Over 9,000 advisors switched firms in 2023, marking a 7% increase from a year ago.* While this movement is prevalent across all industry channels, it is particularly pronounced within the RIA world and represents a growing trend which is a kind of dichotomy.
Namely, RIA Severance: Those advisors employed by an independent firm who leave for another firm or to start their own independent practice.
The term Disconnected from RIA indeed it seems paradoxical, given that many VNRs were born from the entrepreneurial spirit of their founders. These individuals often chose independence to break free from the bureaucracy of larger firms to shape their own destinies. However, it is important to note that many of their advisory team members and subsequent hires are technically employees, not freelancers. Likewise, many RIAs have expanded their advisor ranks by recruiting career changers or recent graduates and feeding them referrals or redistributed clients.
Advisors hired by an RIA may hold different titles, such as service advisors, junior advisors, associates, or IARs, depending on the firm. Despite these differences, they share common characteristics: They are usually non-owners (or minority owners), earning between 25 and 35% of their income or receiving a salary and bonus. They serve a specific client segment on behalf of their employer and adhere to their firm's branding, investments, and client service processes.
While most RIA advisors report feeling well-supported, it is important to acknowledge the challenges they face. The strategies that savvy RIA owners implement to drive efficiency, drive growth, ensure a consistent client experience, and increase their appeal as acquisition candidates can inadvertently lead to advisor dissatisfaction. As these business owners build the value of their enterprise, the advisor's autonomy, individuality, and sometimes compensation can be compromised.
With RIA M&A activity reaching another near-record year, much larger RIAs and crowdfunding platforms are acquiring hundreds of advisors each year – a stark contrast to the boutique firms they originally joined.
As these advisors seek greater autonomy and flexibility, better compensation, ownership opportunities or even the ability to expand into different areas, they are exploring their options.
What will happen next for RIA disengagements?
Employee advisors looking beyond their RIA firms have several avenues to consider. These are the four most popular among our advisory clients:
- Joining another RIA firm that better aligns with their goals, client needs and cultural preferences. Some may prefer to partner with a larger national firm that has more scale, resources, staying power, and more favorable compensation (including equity ownership opportunities). Others may prefer to join a smaller firm where they have more voice, personalization and upward mobility, including succession opportunities. While a move from one RIA to another is more popular, an advisor should ensure that the firm is quite different from their previous employer and that many of the issues they face are not at risk of recurrence.
- Switching to an office, bank or private bank that offers infrastructure, a reputable brand and “everything under one roof” can also reward the advisor with a lucrative recruitment deal and enable them to go further into the market by gaining access to a well-known brand and in-house banking and lending. That said, many RIA advisors routinely sell against the wire model or fear the cultural implications of working for a large institution.
- Launching their own RIA can give them more control and ownership over their practice, but it also comes with additional responsibilities and risks. Some advisors may gravitate toward the entrepreneurial challenge and reward of creating their own firm, as well as the ability to establish their own strategic roadmap, brand image, and client service model. Others may find the operational burden too overwhelming or the initial start-up costs and capital expenditure too great to overcome.
- Starting an internship at an independent broker dealer or becoming an independent contractor under an existing RIA firm. This provides many of the same benefits of starting an RIA while reducing the time and headaches of building infrastructure and managing operational challenges. However, these types of options are more expensive than building an RIA and require the advisor to give up elements of control as they operate on someone else's platform and under their own compliance policies. “Supported independence” models like these have gained popularity with both remote and RIA disengaged.

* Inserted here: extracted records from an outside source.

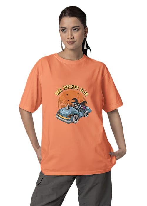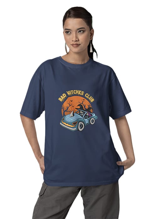 Step into the “BAD WITCHES CLUB” with our Graphic Printed Women’s Drop Shoulder Oversized Tee. Crafted from premium cotton, this unique piece features a bold graphic print, perfect for those who dare to stand out. Elevate your style with attitude and comfort in mind. Ideal for every occasion, from casual outings to statement-making workouts.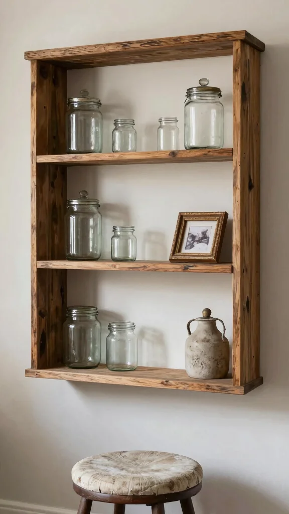 To enhance your vintage displays, mix old and new items for an eclectic appeal. Use the shelves to showcase personal collections, such as vintage glass jars or framed photographs that tell a story. Pairing with wicker baskets can enrich the overall vintage vibe and offer practical storage.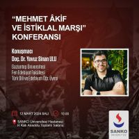 İstiklal Marşı'nın Kabulü ve Milli Şair Mehmet Âkif Ersoy'u Anma günü, Sanko Üniversitesi Edebiyat Kulübü tarafından düzenlenecek anlamlı bir etkinlikle kutlanacak. "Mehmet Âkif ve İstiklal Marşı" başlıklı konferans, 12 Mart 2024 Salı günü saat 10:00'da üniversitenin konferans salonunda gerçekleştirilecek. Bu etkinlik, Mehmet Âkif Ersoy'un edebi kişiliği ve İstiklal Marşı'nın Türk milletinin bağımsızlık mücadelesindeki önemine odaklanacak. Öğrenciler ve akademisyenler, Milli Şair'in eserlerini ve İstiklal Marşı'nın kabulünün 103. yıldönümünü daha iyi anlamak için bir araya gelecekler. Konferansta, Mehmet Âkif Ersoy'un önemli eserleri ve İstiklal Marşı'nın yazılış süreci hakkında bilgiler paylaşılacak. Ayrıca, Türk milletinin mücadelesine ilham olan bu şiirin tarihi rolü üzerinde de durulacak. Bu etkinlik, kültür ve edebiyat meraklılarına Mehmet Âkif Ersoy'un düşüncelerini daha yakından tanıma fırsatı sunacak. İstiklal Marşı'nın kabul edildiği tarihin 103. yıl dönümünde, milli şairimizin anısını yaşatmak ve genç nesillere İstiklal Marşı'nın önemini vurgulamak amacıyla düzenlenen bu etkinliğe katılımın yoğun olması bekleniyor. #İstiklalMarşı #MehmetÂkifErsoy #SankoÜniversitesi #EdebiyatKulübü #konferans #etkinlik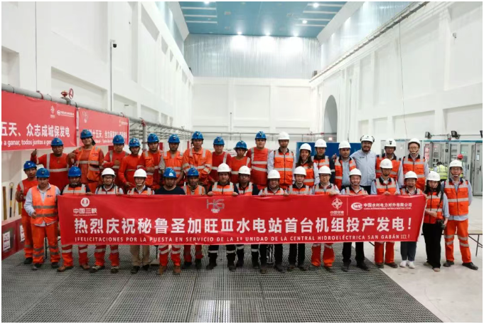 ▲秘鲁圣加旺III水电站首台机组投产发电

An employee advisor may feel many of the pushes described above, and they may also be drawn to some of the alternatives available to them. In our experience, the most successful transitions occur when an advisor has a benign employment contract (limited non-solicit or non-compete language), has built their own practice instead of serving their firm's clients, has convictions in the strength of their relationships and associated portability and a long-term perspective focused on growth. Likewise, a new firm or platform will also be more willing to aggressively pursue advisors who possess these characteristics.
Smart RIAs are aligning economic interests in more creative ways than ever before and are constantly strengthening their advisor value propositions. However, as the VNR space continues to mature, consolidate and professionalize, the cost of advisors is likely to decline.
* Data derived from Diamond Consultants 2023 Advisor Transition Report.